第四章 22
(レミルは新しい力を授けてくれると言っていたのに・・・)
穴の周囲を見回したが他の穴は見当たらない、それにこれ以上は人が登っていけるような道もなく目の前には険しい断崖絶壁しかない。
(どうやら、本物の知の腕輪はここには無いみたいだ、まさか偽者が隠されているなんて・・・でも雷の石は手に入ったからハンに戻ろう)
ラミルは雷の石をなくさないように腕輪の入っていた箱に入れ、落とさないように懐に入れると腕輪は諦めてハンに戻って本を見直した。

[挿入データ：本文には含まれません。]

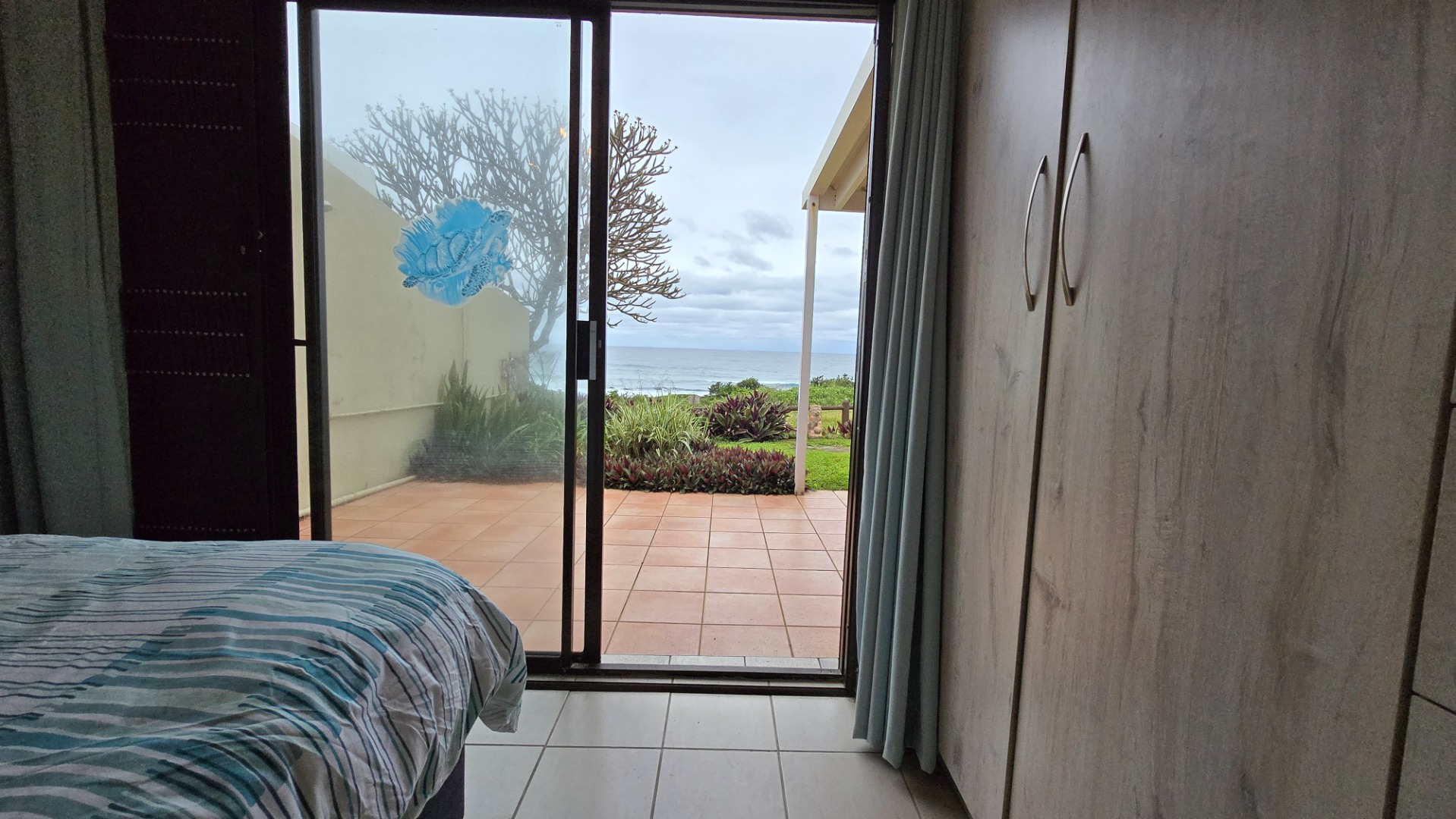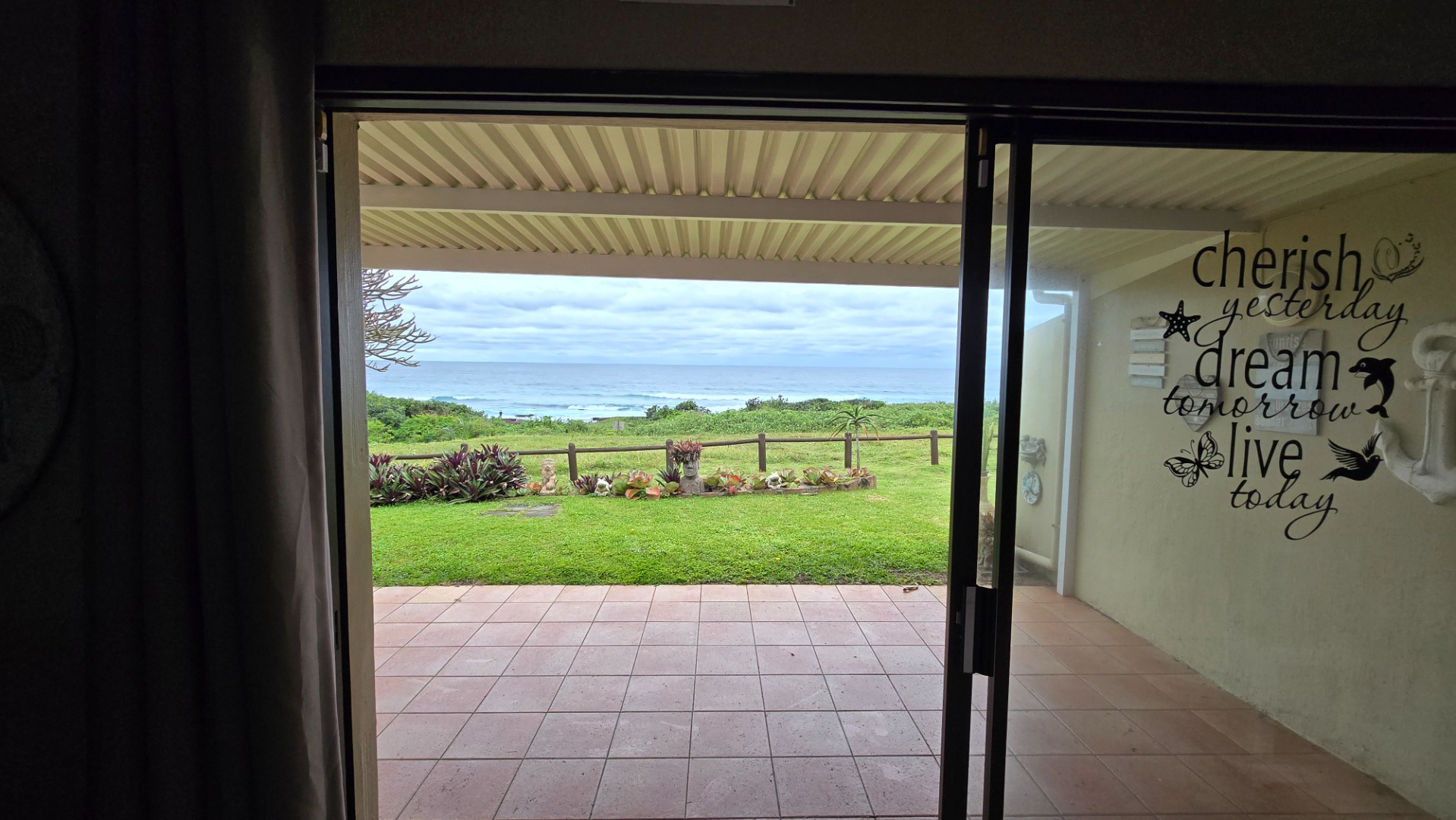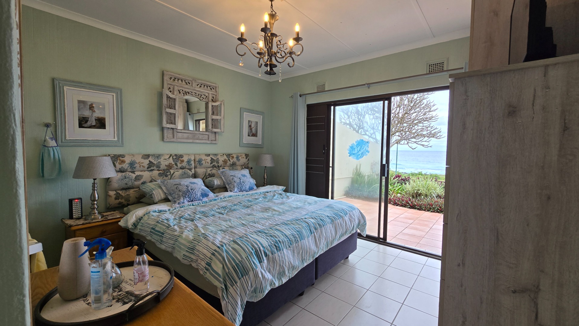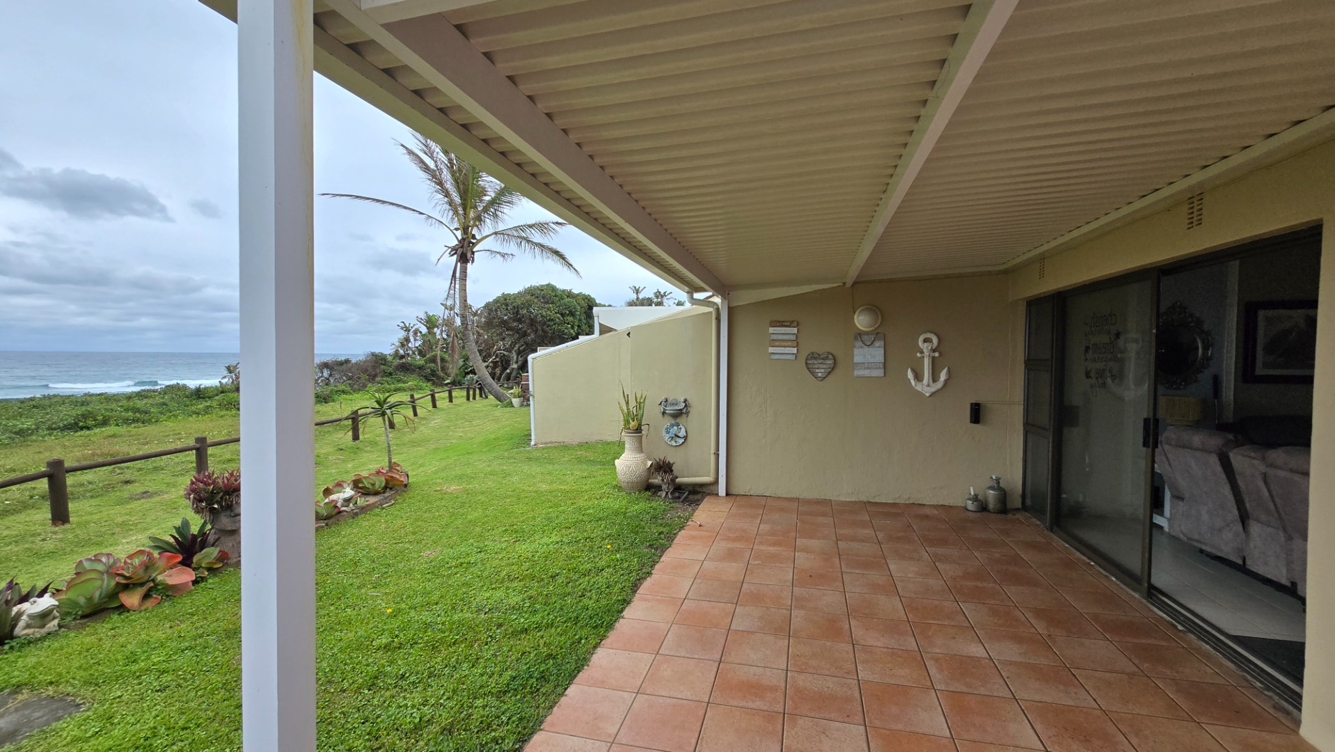 Step outside to embrace the idyllic outdoor living. A spacious, covered patio with large sliding glass doors provides abundant natural light and offers captivating direct ocean views, leading to a private, well-maintained garden and grassy yard. Enjoy leisurely days by the communal pool or host gatherings at the communal braai area. An outdoor shower is a thoughtful addition for post-beach rinse-offs. The property also includes a single garage and an additional parking bay, with paving for easy access.

(雷の石は手に入れたけど、石だけではどうしようもないな)
(なあラミル、もしかしてロムさんに聞いたら何かわかるんじゃないか?)
(確か魔導師って王家の守護神だって言っていたし、特別な呪術を使うみたいだし、もしかしたら雷の石の効果的な使い方を知っているかもしれないね)
ラミルはすぐさまロムの家を訪ねた。
「ロムさん、腕輪と石の関係について何かご存知なら教えていただきたいのですが」
「腕輪と石の組み合わせによって剣にどのような影響を及ぼすのかについては詳しく知りませんが、呪術のことでしたらわかると思います」
祠に行って見つけた知の腕輪が偽者で、雷の石だけを手に入れたことを話した。
「偽者を置いた意味はわかりませんが、砕けてしまったということなら間違いなく偽者のようですね。ところで、腕輪と石は組み合わせによって発揮する力が違うことはご存知ですよね?」
「はい、確かレミルはこの力の腕輪と光の石を使っていたと書かれていました」
「今は力の腕輪と風の石を組み合わせて使っているようですが、力の腕輪は攻撃用の腕輪ですが、風の石は攻撃用の石ではありません。もちろん腕輪との組み合わせで攻撃用として使用することはできますが、本来は呪文用の知の腕輪と組み合わせるのが最も威力を発揮するはずです」
「という事は、この力の腕輪と雷の石の組み合わせるとどうなるのですか?」
「組み合わせによってどのように変わるか詳しくはわかりませんが、知の腕輪と雷の石の場合にはサンデルという呪術が使えるようになるはずです」
「なるほど、力の腕輪と雷の石はやってみないとわからないということか」
「しかし、雷の石は攻撃、呪文の両方に優れているので試してみる価値はあると思いますよ」
「わかりました、さっそく試してみていいですか?」
ラミルは腕輪をはずし、腕輪から風の石を取り出して雷の石を取り付けると腕輪を右腕に着けなおした、今は何も起こらないが、腕輪からはずした風の石を腕輪の入っていた箱に入れた。
「ロムさん、疲れているのにいろいろありがとうございました」
「いいえ、魔導師としてお役に立てれば光栄です、必ずや悪魔を倒してくださいね」
「はい、必ず倒してみせます、本当にありがとうございました」
その時、外で大きな音がした。
「あなた方は何者ですか」
サーの大きな叫び声が聞こえた。
「ロムさん、あなたは外に出ないで」
そう言ってラミルは剣を取って飛び出した。